-- SUPPLIED DATA --
▼
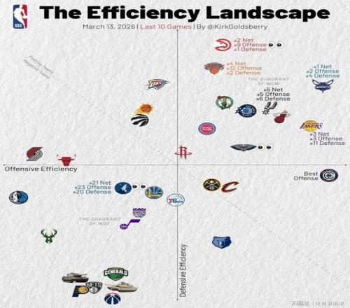 觀察最近10場(chǎng)比賽的攻防效率圖,不難發(fā)現(xiàn)湖人隊(duì)已然成為攻防兼?zhèn)涞膹?qiáng)隊(duì)。他們的進(jìn)攻效率位列第三,防守效率也躋身前11,凈效率更是高居聯(lián)盟第三。盡管湖人隊(duì)接下來(lái)的賽程略顯艱難,但球迷們?nèi)云诖麄兡軌虮3之?dāng)前狀態(tài),為季后賽做好充分準(zhǔn)備。
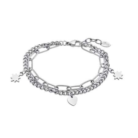 Bracciale da donna in acciaio a doppio filo con pendente cuore e 2 pendenti rosa dei venti
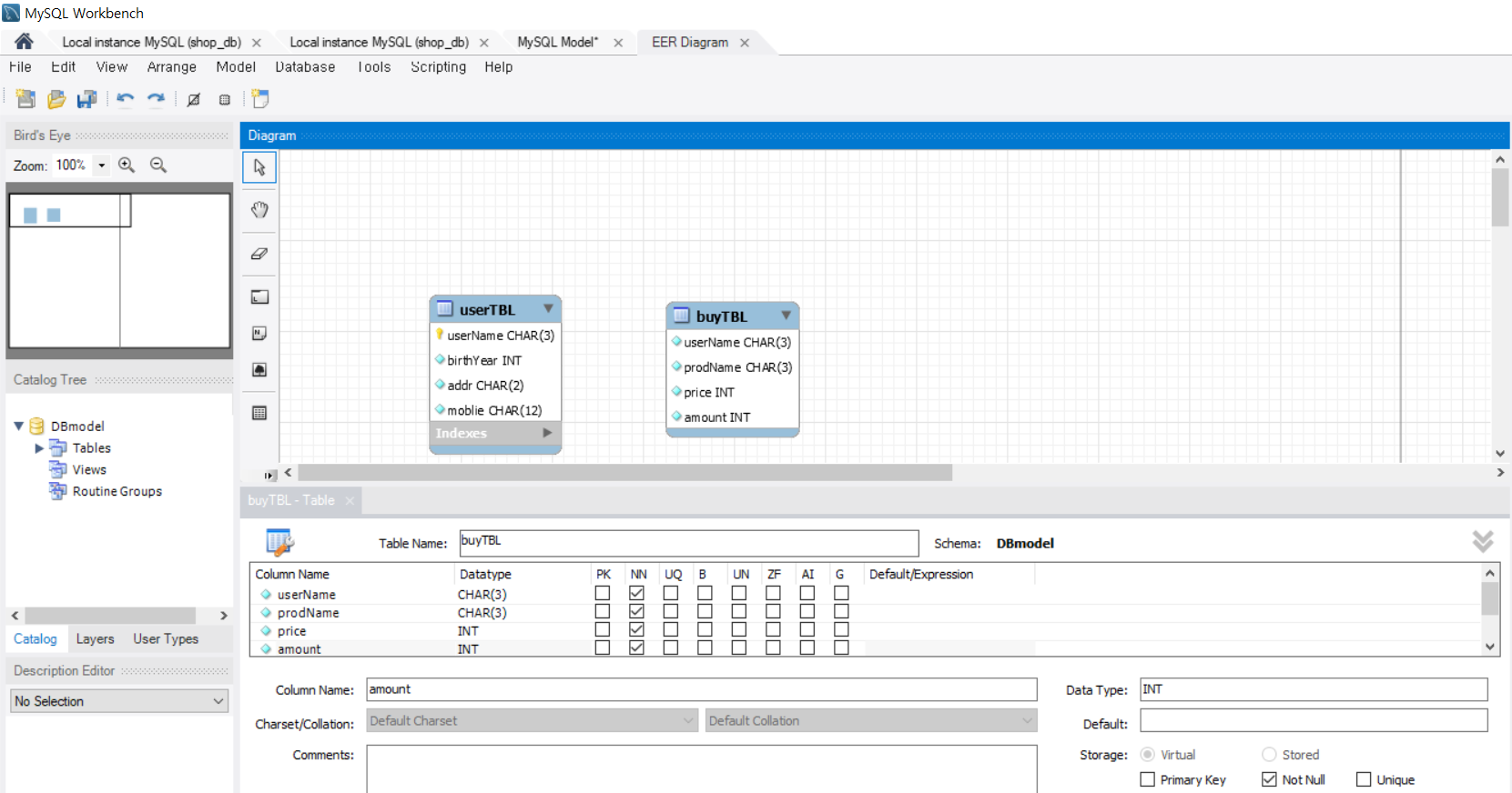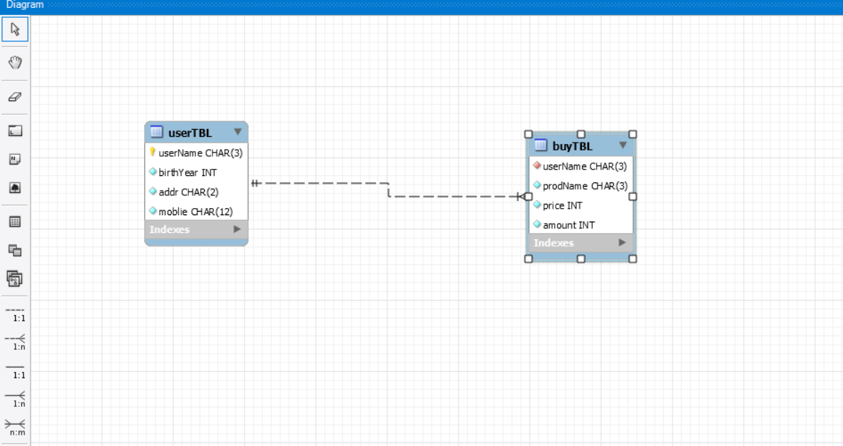 두 테이블의 1:N 관계를 맺어줄 차례이다. buyTBL열의 userName 과 userTBL의 userName 을 차례대로 클릭하면 사진과 같은 1:N관계가 다음과 같이 생성된다.
▲
-- PROMPT --
Write out the material above once more, exactly as it reads, with no pictures.

-- SOLUTION FOR THIS EXERCISE --
 觀察最近10場(chǎng)比賽的攻防效率圖,不難發(fā)現(xiàn)湖人隊(duì)已然成為攻防兼?zhèn)涞膹?qiáng)隊(duì)。他們的進(jìn)攻效率位列第三,防守效率也躋身前11,凈效率更是高居聯(lián)盟第三。盡管湖人隊(duì)接下來(lái)的賽程略顯艱難,但球迷們?nèi)云诖麄兡軌虮3之?dāng)前狀態(tài),為季后賽做好充分準(zhǔn)備。
 Bracciale da donna in acciaio a doppio filo con pendente cuore e 2 pendenti rosa dei venti
 두 테이블의 1:N 관계를 맺어줄 차례이다. buyTBL열의 userName 과 userTBL의 userName 을 차례대로 클릭하면 사진과 같은 1:N관계가 다음과 같이 생성된다.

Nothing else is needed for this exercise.